• [Action item] Look through the data below for the line with "Gambar (Figure) 2." and the line with "为督促学生们养成一个有序整理", then output those two and all lines in between, exactly as written.

[Records excerpted from a collection]
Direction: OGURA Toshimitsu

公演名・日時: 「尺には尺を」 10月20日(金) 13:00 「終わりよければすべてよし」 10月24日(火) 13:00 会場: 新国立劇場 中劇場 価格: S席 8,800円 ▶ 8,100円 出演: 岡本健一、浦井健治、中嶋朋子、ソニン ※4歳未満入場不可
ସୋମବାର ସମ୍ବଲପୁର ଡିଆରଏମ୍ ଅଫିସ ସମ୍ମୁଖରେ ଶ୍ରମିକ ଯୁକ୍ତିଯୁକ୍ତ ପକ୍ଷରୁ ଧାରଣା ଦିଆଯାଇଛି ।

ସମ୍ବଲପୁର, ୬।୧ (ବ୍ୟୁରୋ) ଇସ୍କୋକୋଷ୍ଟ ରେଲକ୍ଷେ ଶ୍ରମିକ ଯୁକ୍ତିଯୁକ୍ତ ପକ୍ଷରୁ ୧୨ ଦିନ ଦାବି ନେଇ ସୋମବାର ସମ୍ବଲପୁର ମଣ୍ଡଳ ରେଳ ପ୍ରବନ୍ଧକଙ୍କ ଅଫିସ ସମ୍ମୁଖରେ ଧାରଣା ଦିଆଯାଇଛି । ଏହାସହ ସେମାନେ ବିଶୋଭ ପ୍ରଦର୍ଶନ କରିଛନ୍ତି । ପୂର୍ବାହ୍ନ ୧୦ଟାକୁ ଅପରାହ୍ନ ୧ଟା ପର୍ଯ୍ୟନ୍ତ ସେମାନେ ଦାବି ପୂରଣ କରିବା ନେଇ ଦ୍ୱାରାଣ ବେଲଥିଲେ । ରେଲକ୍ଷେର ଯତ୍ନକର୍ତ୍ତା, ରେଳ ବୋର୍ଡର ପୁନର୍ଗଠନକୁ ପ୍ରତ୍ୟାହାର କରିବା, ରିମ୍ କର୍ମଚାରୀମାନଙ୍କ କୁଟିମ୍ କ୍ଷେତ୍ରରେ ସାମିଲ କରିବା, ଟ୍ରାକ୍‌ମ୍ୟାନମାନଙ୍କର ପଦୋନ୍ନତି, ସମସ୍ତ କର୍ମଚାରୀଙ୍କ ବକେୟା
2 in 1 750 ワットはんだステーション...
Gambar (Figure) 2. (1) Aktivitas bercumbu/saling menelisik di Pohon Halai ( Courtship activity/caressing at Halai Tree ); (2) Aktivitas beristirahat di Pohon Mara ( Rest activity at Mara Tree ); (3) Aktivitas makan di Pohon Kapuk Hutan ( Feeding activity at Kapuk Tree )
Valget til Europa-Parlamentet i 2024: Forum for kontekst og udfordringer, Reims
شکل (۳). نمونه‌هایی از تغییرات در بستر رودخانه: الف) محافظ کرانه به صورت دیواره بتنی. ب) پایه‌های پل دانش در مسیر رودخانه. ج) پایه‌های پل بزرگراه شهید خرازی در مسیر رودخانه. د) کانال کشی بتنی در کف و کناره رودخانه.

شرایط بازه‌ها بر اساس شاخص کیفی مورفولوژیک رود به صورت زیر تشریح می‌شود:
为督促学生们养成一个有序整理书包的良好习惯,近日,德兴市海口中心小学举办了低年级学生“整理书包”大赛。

...

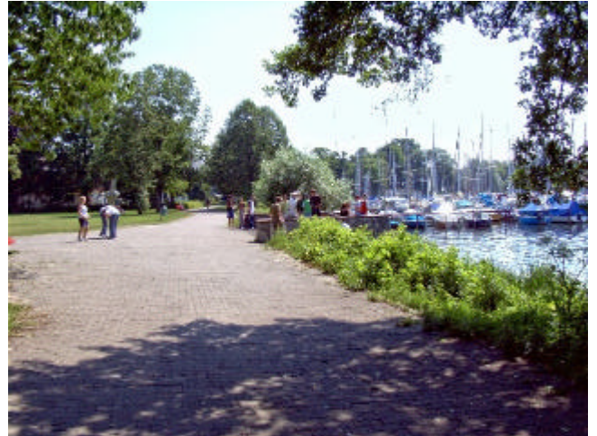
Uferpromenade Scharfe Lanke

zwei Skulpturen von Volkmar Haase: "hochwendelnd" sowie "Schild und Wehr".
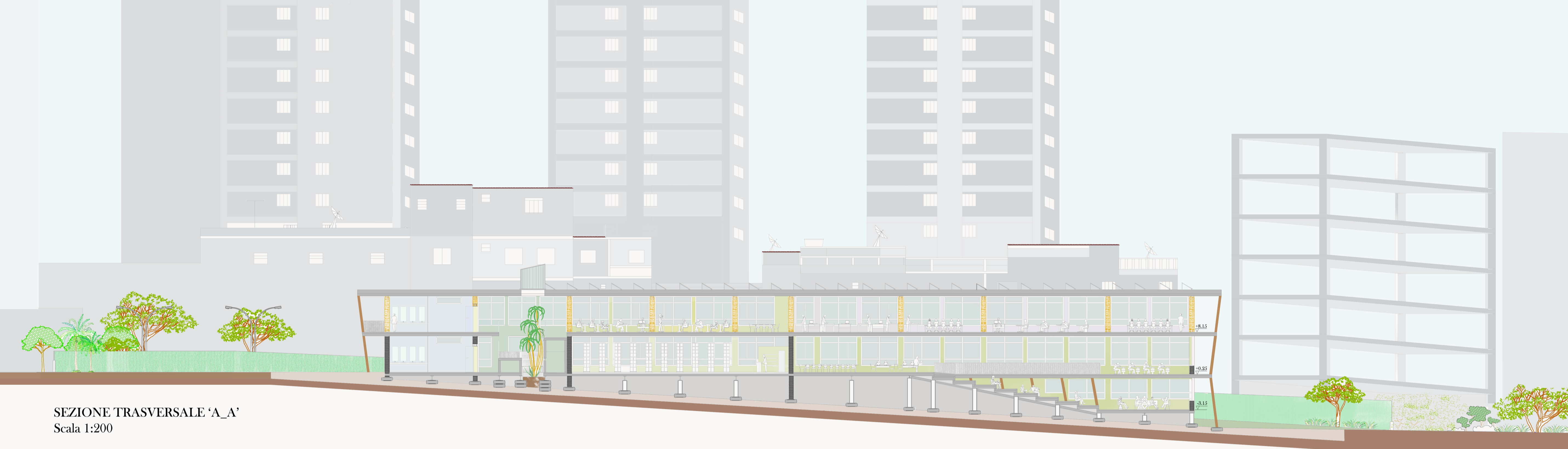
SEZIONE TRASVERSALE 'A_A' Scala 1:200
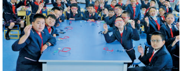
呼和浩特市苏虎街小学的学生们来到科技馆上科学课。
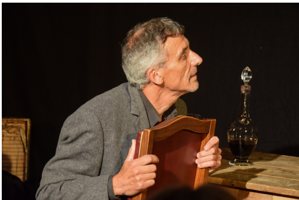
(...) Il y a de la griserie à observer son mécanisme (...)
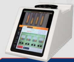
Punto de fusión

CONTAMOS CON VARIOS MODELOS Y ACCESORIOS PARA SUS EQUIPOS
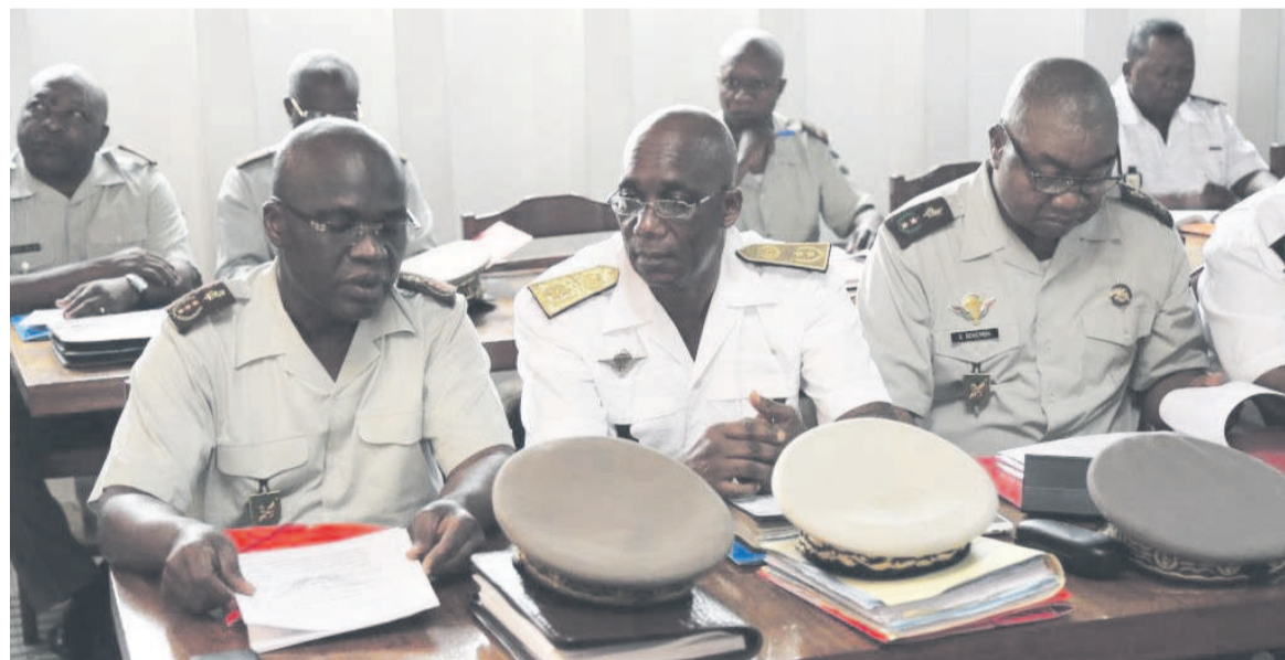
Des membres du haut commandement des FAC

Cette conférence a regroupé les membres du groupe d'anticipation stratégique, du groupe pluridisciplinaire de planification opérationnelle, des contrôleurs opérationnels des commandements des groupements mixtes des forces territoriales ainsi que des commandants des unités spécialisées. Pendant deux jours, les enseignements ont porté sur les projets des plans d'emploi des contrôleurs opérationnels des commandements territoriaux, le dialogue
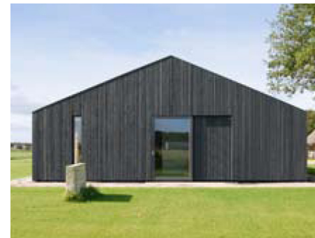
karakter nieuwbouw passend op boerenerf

==

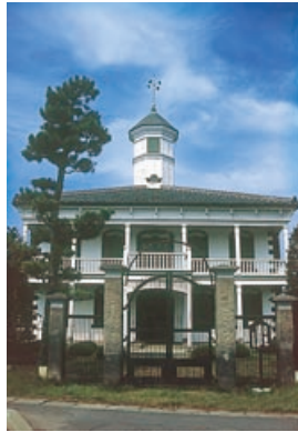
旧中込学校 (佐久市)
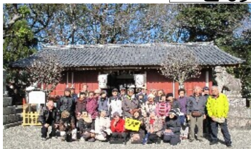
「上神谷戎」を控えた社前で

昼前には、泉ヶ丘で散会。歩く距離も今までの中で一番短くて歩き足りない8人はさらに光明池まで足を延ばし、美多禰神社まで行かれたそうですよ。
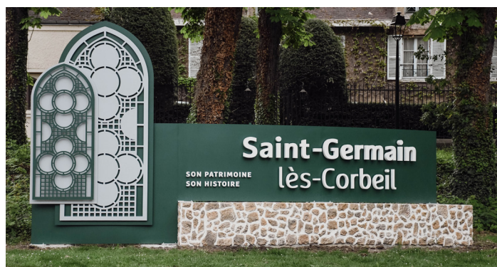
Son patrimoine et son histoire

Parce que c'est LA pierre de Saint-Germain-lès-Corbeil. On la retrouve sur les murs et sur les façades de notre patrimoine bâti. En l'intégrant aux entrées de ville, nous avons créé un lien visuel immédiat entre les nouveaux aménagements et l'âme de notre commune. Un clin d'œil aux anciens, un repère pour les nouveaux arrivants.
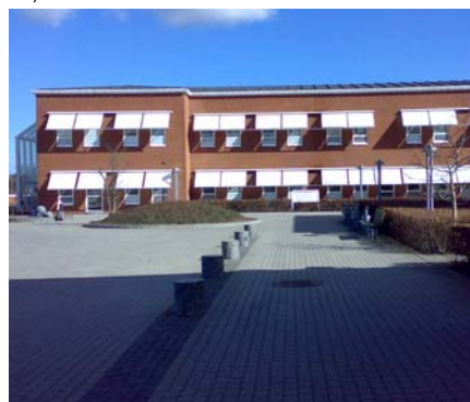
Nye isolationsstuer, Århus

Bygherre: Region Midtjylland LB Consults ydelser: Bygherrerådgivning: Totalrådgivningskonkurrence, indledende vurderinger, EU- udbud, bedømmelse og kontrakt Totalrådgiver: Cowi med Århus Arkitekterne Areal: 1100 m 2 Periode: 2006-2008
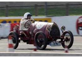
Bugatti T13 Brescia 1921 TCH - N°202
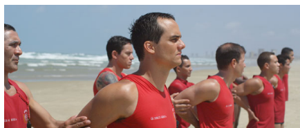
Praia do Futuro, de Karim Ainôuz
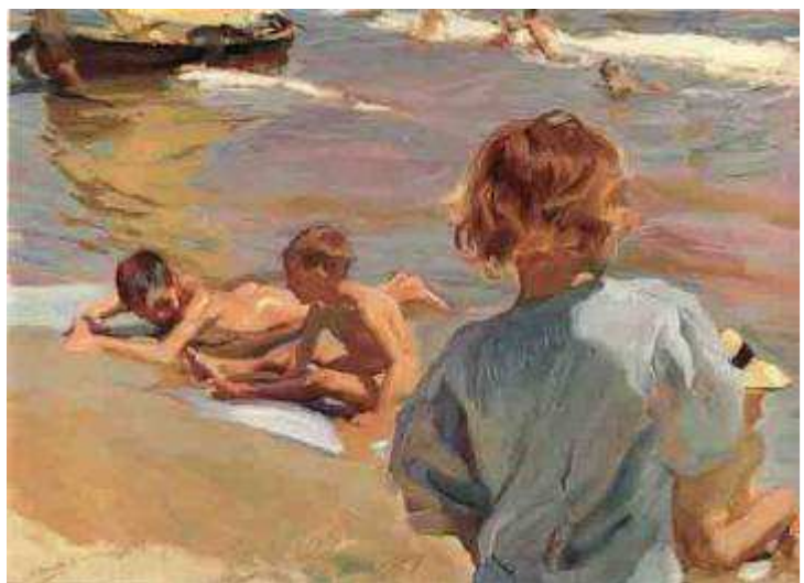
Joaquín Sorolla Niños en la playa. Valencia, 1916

• [Solved problem]
Gambar (Figure) 2. (1) Aktivitas bercumbu/saling menelisik di Pohon Halai ( Courtship activity/caressing at Halai Tree ); (2) Aktivitas beristirahat di Pohon Mara ( Rest activity at Mara Tree ); (3) Aktivitas makan di Pohon Kapuk Hutan ( Feeding activity at Kapuk Tree )
Valget til Europa-Parlamentet i 2024: Forum for kontekst og udfordringer, Reims
شکل (۳). نمونه‌هایی از تغییرات در بستر رودخانه: الف) محافظ کرانه به صورت دیواره بتنی. ب) پایه‌های پل دانش در مسیر رودخانه. ج) پایه‌های پل بزرگراه شهید خرازی در مسیر رودخانه. د) کانال کشی بتنی در کف و کناره رودخانه.

شرایط بازه‌ها بر اساس شاخص کیفی مورفولوژیک رود به صورت زیر تشریح می‌شود:
为督促学生们养成一个有序整理书包的良好习惯,近日,德兴市海口中心小学举办了低年级学生“整理书包”大赛。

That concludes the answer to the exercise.